What is the meaning of life? Why is it that people grow old and die?

Although he was young, those questions troubled the mind of Little One. He asked the elders about them, but their answers did not satisfy him. At last he knew there was only one thing to do. He would have to seek the answers in his dreams.

Little One rose early in the morning and prayed to Wah-Kon-Tah for help. Then he walked away from the village, across the prairie and toward the hills. He took nothing with him, no food or water. He was looking for a place where none of his people would see him, a place where a vision could come to him.

Little One walked a long way. Each night he camped in a different place, hoping that it would be the right one to give him a dream that could answer his questions. But no such dream came to him.

At last he came to a hill that rose above the land like the breast of a turkey. A spring burst from the rocks near the base of a great elm tree. It was such a beautiful place that it seemed to be filled with the power of Wah-Kon-Tah. Little One sat down by the base of that elm tree and waited as the sun set. But though he slept, again no sign was given to him.

When he woke the next morning, he was weak with hunger. I must go back home, he thought. He was filled with despair, but his thoughts were of his parents. He had been gone a long time. Even though it was expected that a young man would seek guidance alone in this fashion, Little One knew they would be worried. "If I do not return while I still have the strength to walk," he said, "I will die here and my family may never find my body."

So Little One began to follow the small stream that was fed by the spring. It flowed out of the hills in the direction of his village, and he trusted it to lead him home. He walked and walked until he was not far from his village.

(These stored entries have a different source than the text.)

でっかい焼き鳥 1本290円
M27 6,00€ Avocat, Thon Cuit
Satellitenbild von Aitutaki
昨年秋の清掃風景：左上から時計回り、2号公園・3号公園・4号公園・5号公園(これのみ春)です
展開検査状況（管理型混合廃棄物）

But as he walked along that stream, he stumbled and fell among the roots of an old willow tree. Little One clung to the roots of the willow tree. Although he tried to rise, his legs were too weak.

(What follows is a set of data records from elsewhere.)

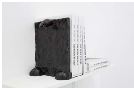
Стефан Николаев Автофикция, 2015 бронз скулптура, книги 30 x 20 x 24 см 8+4AP

Stefan Nikolaev Autofiction, 2015 bronze sculpture, books 30 x 20 x 24 cm 8+4AP
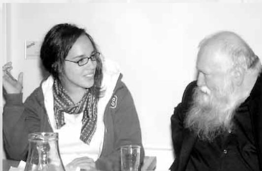
▶ Nach seiner Lesung diskutiert Prof. Hermann Nitsch im BORG Mistelbach mit den SchülerInnen
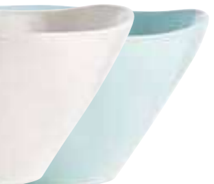
Saladier céramique bleu (packed by 1 pc) 5980 63 330 Cl

"Grandfather," he said to the willow tree, "It is not possible for me to go on."

Then the ancient willow spoke to him. "Little One," it said, "all the Little Ones always cling to me for support as they walk along the great path of life. See the base of my trunk, which sends forth those roots that hold me firm in the earth. They are the sign of my old age. They are darkened and wrinkled with age, but they are still strong. Their strength comes from relying on the earth. When the Little Ones use me as a symbol, they will not fail to see old age as they travel along the path of life."

Those words gave strength to Little One's spirit. He stood again and began to walk. Soon his own village was in sight, and as he sat down to rest for a moment in the grass of the prairie, looking at his village, another vision came to him. He saw before him the figure of an old man. The old man was strangely familiar, even though Little One had never seen him before.

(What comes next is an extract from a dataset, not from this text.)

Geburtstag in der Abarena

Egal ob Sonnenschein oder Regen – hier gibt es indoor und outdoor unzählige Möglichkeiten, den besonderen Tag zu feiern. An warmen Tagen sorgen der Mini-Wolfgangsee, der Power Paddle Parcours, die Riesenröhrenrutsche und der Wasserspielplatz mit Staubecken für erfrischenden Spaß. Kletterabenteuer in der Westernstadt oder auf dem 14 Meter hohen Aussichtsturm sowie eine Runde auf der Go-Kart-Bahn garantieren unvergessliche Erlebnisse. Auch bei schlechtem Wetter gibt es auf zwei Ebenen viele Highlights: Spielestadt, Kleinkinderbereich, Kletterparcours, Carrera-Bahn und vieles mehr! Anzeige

"Look upon me," the old man said. "What do you see?"

"I see an old man whose face is wrinkled with age," Little One said.

"Look upon me again," the old man said.

Then Little One looked, and as he looked, the lesson shown him by the willow tree filled his heart. "I see an aged man in sacred clothing," Little One said, "The fluttering down of the eagle adorns his head. I see you, my grandfather. I see an aged man with the stem of the pipe between his lips. I see you, my grandfather. Your are firm and rooted to the earth like the ancient willow. I see you standing among the days that are peaceful and beautiful. I see you, my grandfather. I see you standing as you will stand in your lodge, my grandfather."

The ancient man smiled. Little One had seen truly. "My young brother," the old man said, "your mind is fixed upon the days that are peaceful and beautiful." And then he was gone.

Now Little One's heart was filled with peace, and as he walked into the village, his mind was troubled no longer with those questions about the meaning of life. For he knew that the old man he had seen was himself. The ancient man was Little One as he would be when he became an elder, filled with that great peace and wisdom which would give strength to all of the people.

From that day on, Little One began to spend more time listening to the words his elders spoke, and of all the young men in the village, he was the happiest and the most content.